Despite the confused and hurtful comments, I decided to give this a try a week ago. I had previously not done a decoction mash and had a friend request i brew a pilsner so decided this was a good one to go with. Have a few notes to share.

First, for those confused by metric you want about 8.75 lbs grain and 3 oz hops for a 5 gallon batch. You'll likely have to do that conversion anyway if your LHBS only prices by the pound for grain and ounce for hops (like mine).

Now for my notes:
1) Thanks for the detail on the decoction mash, I'd just add that for the 1st pull you didn't include a ratio for the amount that should be pulled. I aimed for 25% but that seems like it was too low as my resulting temp was low after returning it to the mash. I had to add some additional boiling water to hit the target temp for the rest period.

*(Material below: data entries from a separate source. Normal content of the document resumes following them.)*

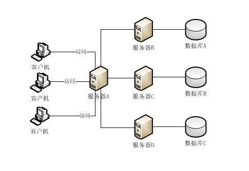 客户机使用浏览器访问服务器A,服务器A为了业务需要与其他各种应用部署在服 务器B、C、D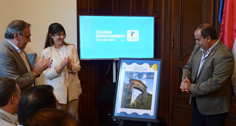A su tiempo el Intendente Rodríguez indicó que para Colonia todo, es un orgullo y un honor tener la distinción de este sello, a la vez que recordó que esta declaratoria significó para Colonia un antes y un después en su historia. Rodríguez remarcó que basta repasar los demás sitios Patrimonio mundial que existen para tomar dimensión de la envergadura que representa integrar dicha lista. Aprovechó la oportunidad para recordar y homenajear a todos los que hicieron posible este logro y la presencia del jerarca del Correo para esbozar la idea de concretar un nuevo centro de cercanía en nuestro departamento, que se sumará a los ya existentes, en esta ocasión para la localidad de Conchillas, reafirmando el concepto de seguir estando cada vez más cerca de la gente de todo el departamento.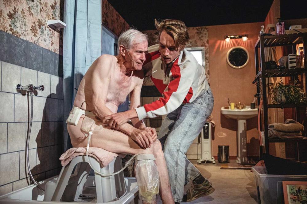 Les comédiens sur le plateau ont beau faire avec talent (excellent Arne de Tremerie notamment), leurs bouts d’histoires personnelles, enfances plus ou moins heureuses, expérience à l’armée, pratique théâtrale, annonce de la mort d’un enfant sur un groupe whatsapp, deuil de son propre enfant, traversée d’un cancer, dépendance liée à la fin de vie (avec la douche du vieil homme nu et le placement de la couche sur le lit, dans une esthétique moins dramatisée que dans la scène marquante de Sur le visage du concept du fils de Dieu de Castellucci) ne font ni un tout, ni sens. Même si on se laisse porter un temps par ces gestes du quotidien dans cet appartement années 60 où l’on n’a pas l’impression de regarder par le trou de la serrure car les comédiens s’adressent à nous frontalement tour à tour, ou s’imposent sur le grand écran, on finit par ressentir que ce qui se passe sur le plateau n’est qu’un habillage, un prétexte, pour cette projection de suicide assisté, où après le sourire rayonnant de Johanna B., c’est sa bouche ouverte et torve qui s’impose comme mémoire finale pendant de longues minutes. Ce théâtre dit du réel est-il encore du théâtre ? On peut tout à fait admettre qu’il y a une place pour une dramaturgie de l’euthanasie. Mais quel est ici l’objet de ce geste dramaturgique ? Même si Milo Rau rappelle toujours qu’il fut élève de Bourdieu (et qu’il a enseigné la sociologie, v. notamment sans son ouvrage Vers un réalisme global paru à L’Arche en 2021), qui prônait la participation comme approche méthodologique, il ne peut évidemment y avoir de participation active ici ; est-ce que ce parti pris presque hérétique de refus de la distanciation, est la meilleure manière d’aborder le débat (ô combien indispensable) sur la fin de vie ?

2) On the low pitching temp... I pitched around 5C as recommended, but ended up not getting any activity. This may be b/c I was lazy and didn't use a starter. I used the Wyeast slap-pack, so I know the yeast was active from the inflation of the package, but had no activity in the wort after 5 days. So I repitched some dry lager yeast (I'm still lazy and avoided doing a starter). I checked the Wyeast website which provides a temp range with 10C for the lower bound for 2268. I repitched with saflager s-23 and raised my temp closer to 10C and it started fermenting after the usual lag time (~30 hours, which is a little longer than my avg lag time but I attribute it to some of the oxygen leaving the wort during the initial 5 days).
I know others remarked on the low pitching temp, wanted to see if others had experience with not using starters at these temps, or if it becomes mandatory when pitching that cold.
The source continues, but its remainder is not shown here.